EVs have also been shown to contribute to this thrombosis occurrence in haematological cancers. A procoagulant phenotype of leukaemic EVs has been highlighted by Gheldof et al. in vitro. TF and PS expression by these EVs was shown to be involved in this procoagulant potential (3). A recent clinical study conducted on 7 patients suffering from acute myelocytic leukaemia seems to correlate these results (72). A clinical study also observed an increased EVs–TF activity in multiple myeloma (73). A potential involvement of EVs in a TM resistance has also been suggested in a study analysing plasma from patients suffering from myeloproliferative neoplasms (MPN). Plasma from MPN patients presented a higher procoagulant activity by thrombin generation assay than plasma from healthy patients. By the addition of TM to plasma, a lower inhibition of the thrombin generation was observed with plasma from MPN patients. The filtration of plasma through a 0.22-µm filter enhanced the effect of TM on thrombin generation suggesting an involvement of EVs in this observed TM resistance (74).

Vascular endothelial activation probably contributes to the procoagulant phenotype in haematological malignancies. Indeed, some in vivo results suggest an endothelium activation in haematological malignancies. Increased levels of circulating P-selectin and VWF have been observed in patients’ blood compared to controls and would reflect this endothelial activation (75). A procoagulant activity of endothelial cells after daunorubicin, doxorubicin or epirubicin treatment has also been highlighted (76) and an increased release of procoagulant endothelial EVs was observed after daunorubicin treatment (77).

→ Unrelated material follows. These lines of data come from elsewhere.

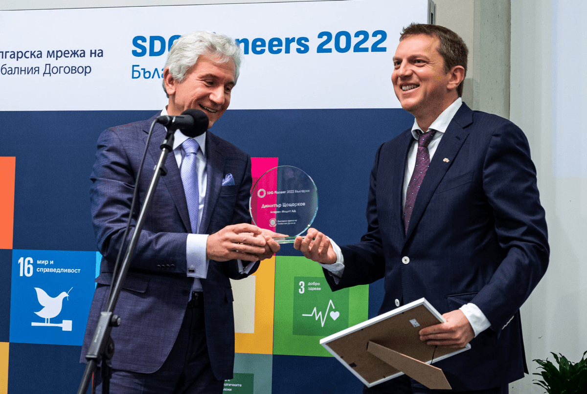 Председателят на Надзорния съвет на „Асарел-Медет“АД Димитър Цоцорков е първият носител за България на световните отличия SDG Pioneers 2022. Призът се връчва от Българската мрежа на Глобалния договор на ООН за активна дейност, която допринася за напредък по Целите за устойчиво развитие. Официалната церемония, на която бяха връчени отличията, се проведе на 15 март в „Техно Меджик Ленд“ – София. Димитър Цоцорков получи приза от Огнян Траянов, председател на Българската мрежа. На второ място в конкурса авторитетното жури класира „Уникредит Булбанк“, а представители на две компании с равен брой точки останаха на трето – „Загорка“ и „Контур Глобал Марица Изток 3″.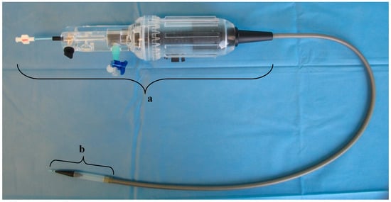 Delivery system designed for the deployment of the dTEHV. The handle is marked with “a”. At the tip of the delivery system lies the capsule in which the dTEHV can be loaded after crimping (marked with “b”). The middle part consists of a steel coil with an outer sheath made from a thermoplastic elastomer.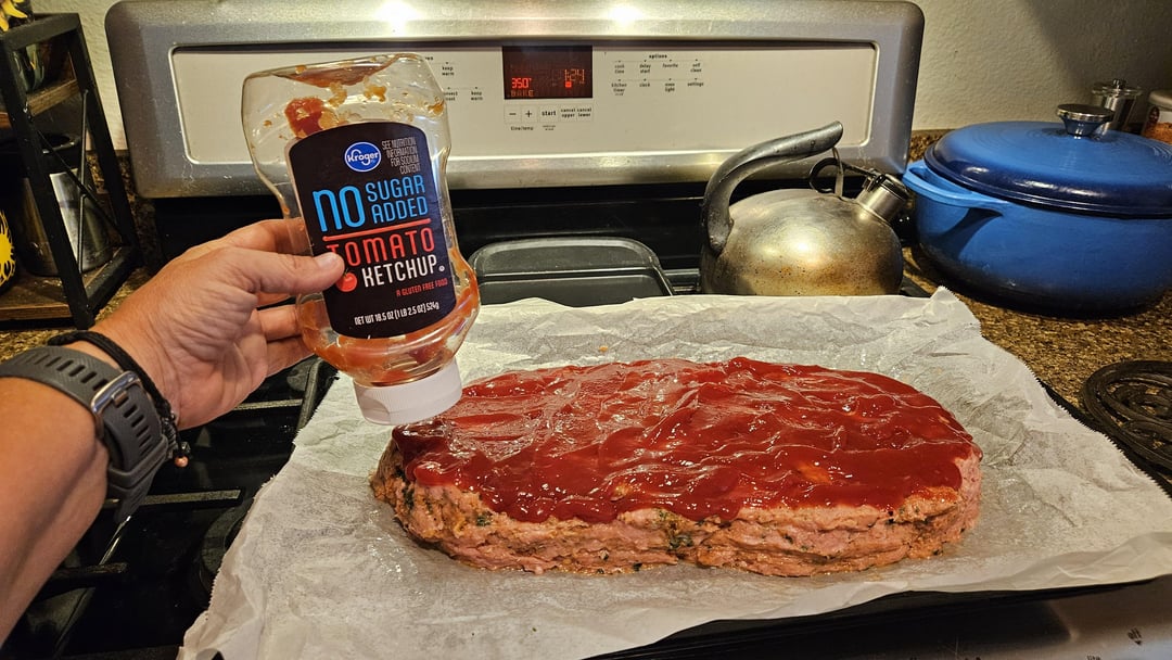 Dump the turkey mixture in the sheet pan and form into a loaf. Spread the ketchup on top.

In this context, EVs generated during tumourigenesis could contribute to this endothelium activation by the previously described mechanisms. This new insight into endothelial activation mechanism in cancer might be an interesting field of investigation for the discovery of new prophylactic treatments in haematological malignancies. EVs might represent a new prophylactic target. Indeed, thrombosis prophylaxis is still challenging due to an increased bleeding risk of oncohaematological patients that could suffer from thrombocytopenia for a prolonged time (59). The American Society of Clinical Oncology recommends the use of prophylaxis in cancer patients undergoing surgical procedures or hospitalization. For multiple myeloma patients, the use of low molecular weight heparin or low-dose aspirin is recommended for patients treated with antiangiogenesis agents combined with chemotherapy and/or dexamethasone (78). For ambulatory patients, the lack of validated markers to define high-risk patients of thrombotic events still hampers the use of anticoagulants in these patients (59). In this context, endothelial EVs might serve as biomarkers describing endothelial activation that would contribute to procoagulant phenotype. Soluble proteins produced by activated endothelial cells could also have the same purpose. Members of the selectin family such as E-selectin, specifically expressed by endothelial cells, or members of the integrin or adhesion molecules families represent potential new biomarkers (79).

Conclusion

To sum up, EVs have been shown to contribute to the procoagulant phenotype observed in cancer patients. On one hand, they bear TF and PS that directly promote thrombosis by acting on coagulation cascade. On the other hand, they can target and activate endothelial vascular cells becoming procoagulant in cancer. This new insight into the mechanism of procoagulant phenotype acquisition in cancer would be of particular interest for haematological malignancies. Indeed, the prophylaxis treatment to avoid thrombosis in oncohaematological patients remains challenging due to the increased risk of bleeding in these patients. Endothelial EVs might serve as biomarkers of vascular endothelial status and would help in identifying high-risk patients for thrombosis. EVs might also represent new targets for prophylactic treatment of haematological cancers by directly inhibiting their procoagulant phenotype or by interfering with their targeting of endothelial cells.